Task to complete: Give an unaltered copy of the listing below, minus its pictures.

Dataset content:
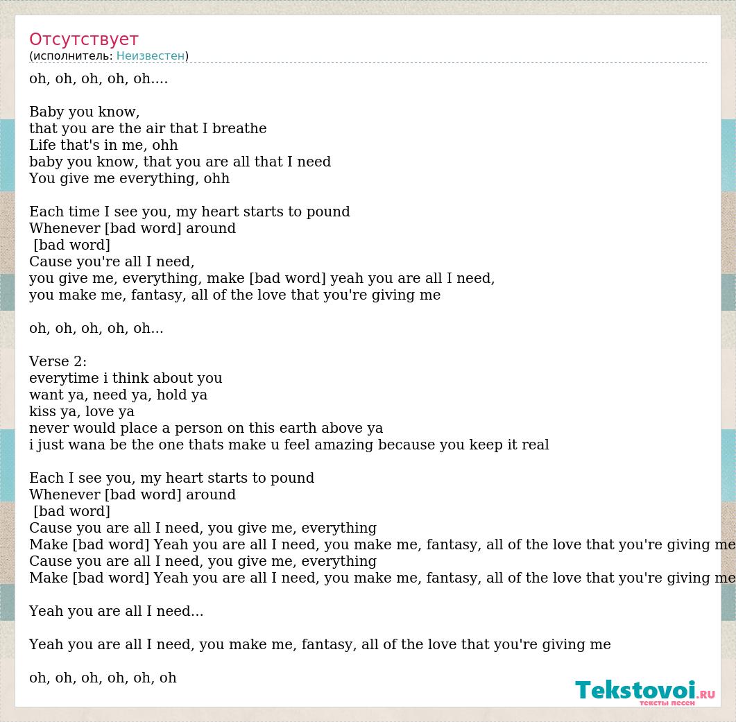 Make [bad word] Yeah you are all I need, you make me, fantasy, all of the love that you're giving me
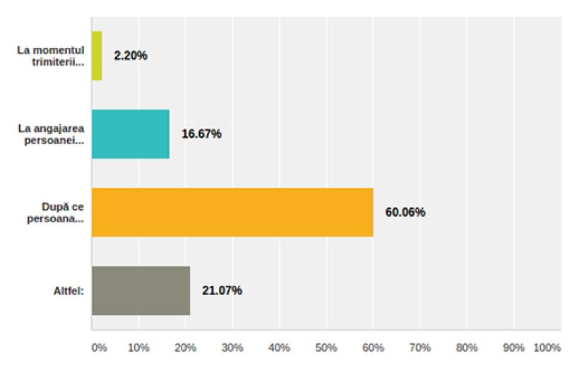 Recomandări joburi. 60% dintre angajatorii respondenți spun că banii ajung la persoana care a făcut recomandarea după ce persoana angajată își încheie cu succes perioada de probă, în timp ce 20% apelează la diverse alte metode: jumătate din sumă la angajarea persoanei recomandate, jumătate după ce candidatul își încheie cu succes perioada de probă; după 6 luni de la angajare sau fracționat: la o lună, 3 și 6 luni.
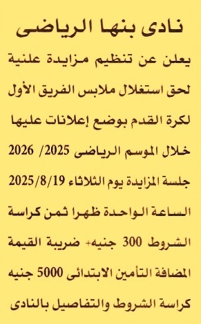 HOT Information مزايدة علنية لعملية حق استغلال ملابس الفريق الأول لكرة القدم بوضع إعلانات عليها خلال الموسم الرياضي 2025/2026 عن جريدة الأهرام Post navigation الجمعية المصرية لدعم الأطباء وتنمية المجتمع شركة السكر والصناعات التكاملية المصرية
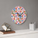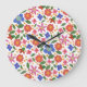 Un reloj de pared redonda de moda, con un patrón floral sobre un fondo blanco, inspirado en el arte folclórico de Europa del Este. Parte de la colección "Corazón popular" de Posh & Painterly, este patrón se ajustará a cualquier reloj y puede cambiar el color de fondo si lo desea.

Exercise solution:
 Make [bad word] Yeah you are all I need, you make me, fantasy, all of the love that you're giving me
 Recomandări joburi. 60% dintre angajatorii respondenți spun că banii ajung la persoana care a făcut recomandarea după ce persoana angajată își încheie cu succes perioada de probă, în timp ce 20% apelează la diverse alte metode: jumătate din sumă la angajarea persoanei recomandate, jumătate după ce candidatul își încheie cu succes perioada de probă; după 6 luni de la angajare sau fracționat: la o lună, 3 și 6 luni.
 HOT Information مزايدة علنية لعملية حق استغلال ملابس الفريق الأول لكرة القدم بوضع إعلانات عليها خلال الموسم الرياضي 2025/2026 عن جريدة الأهرام Post navigation الجمعية المصرية لدعم الأطباء وتنمية المجتمع شركة السكر والصناعات التكاملية المصرية
 Un reloj de pared redonda de moda, con un patrón floral sobre un fondo blanco, inspirado en el arte folclórico de Europa del Este. Parte de la colección "Corazón popular" de Posh & Painterly, este patrón se ajustará a cualquier reloj y puede cambiar el color de fondo si lo desea.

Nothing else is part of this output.